This was sent out Wednesday on the Society of Daisy yahoo group (bunch of older recreational wargamers more into imagi-nations…). IIRC, the original tile floor was in the building next to the ENEWS site, was covered with picnic tables and had a coke machine behind the speaker… Would have loved to have been there for this game!
05/11/2016
Wargaming the Centennial of the Battle of Jutland
The May 31st, 1916 encounter between the Royal Navy and the Kaiser’s Grand Fleet of Jutland may well be the single most analyzed naval battle in history. For certain, it influenced the thinking of tacticians and strategists in Great Britain, Germany, and not least in the US Navy.
To commemorate the centennial of the largest naval battle of World War I, the US Naval War College yesterday recreated the battle using wargaming techniques used in the period between World War I and II.
NEWPORT, R.I. – A U.S. Naval War College (NWC) wargame based on a real World War I battle that had been studied intensely by World War II military leaders, such as Fleet Admirals Chester W. Nimitz, Ernest J. King and William F. Halsey, was reenacted at the school, May 10.
The game employed the same methods and technology used a century ago to understand the maritime strategy and tactics in the 1916 World War I maritime encounter known as, the Battle of Jutland.
The Battle of Jutland was fought between Great Britain and Germany off the coast of Denmark and was the largest maritime engagement of World War I. The encounter was studied closely during the time between the two world wars at NWC and was the basis for much of the naval strategy used in World War II.
“The idea here was to put together a memorial event that would commemorate the centenary of Jutland but at the same time highlight what that battle meant to the Naval War College and our education efforts,” said Rear Adm. P. Gardner Howe III, president NWC. “It created an experience that tied us to our past while getting us to think about our future.
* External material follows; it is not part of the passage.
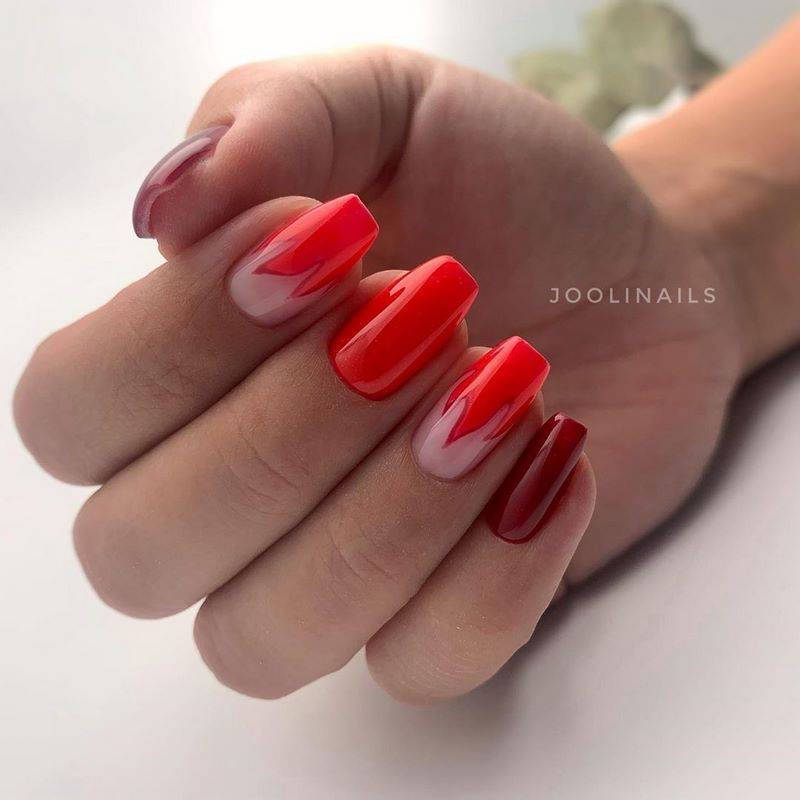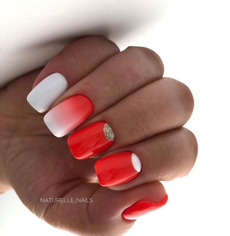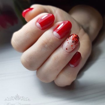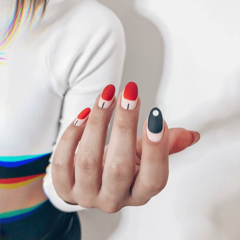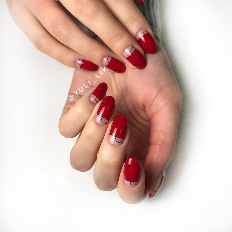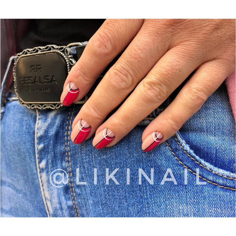 Принято считать, что красный маникюр идет только женщинам-вамп после 40. Как хорошо, что мы не верим в подобные нелепости! Красный имеет миллион подтонов, таких как коралловый или алый. Идеально сочетается красный с белым, но особого внимания заслуживает «вампирское» сочетание красный с черным. Такой лунный маникюр диты фон тиз добавит дерзкой пикантности образу любой девушки.

It exceeded my expectations.”
(U.S. Navy photo by Chief Mass Communication Specialist James E. Foehl/Released)
Video of the wargame will be released on May 31, the 100th anniversary of the battle at the Naval War College’s Facebook page.
In The Two Ocean War, Samuel Elliot Morrison talks quite a bit about how the NWC in the interwar era transformed from a sleepy little school where not much of anything of consequence was done, to an intellectual powerhouse that fundamentally helped shape the US Navy’s strategy in World War II, particularly in the Pacific theater.
The prime tool NWC used was wargaming. First, future fleet leaders would wargame a battle from the past, learning in the process how and why leaders often made the decisions they did. Building on that experience, the school could then construct scenarios that the fleet was likely to encounter in the future, and explore possible courses of action, gleaning the strengths and weaknesses of the various plans.
After the war, one admiral remarked that nothing happened in the Pacific that hadn’t been gamed out to some degree before the war, with the exception of the Kamikaze attacks of the last year of the war.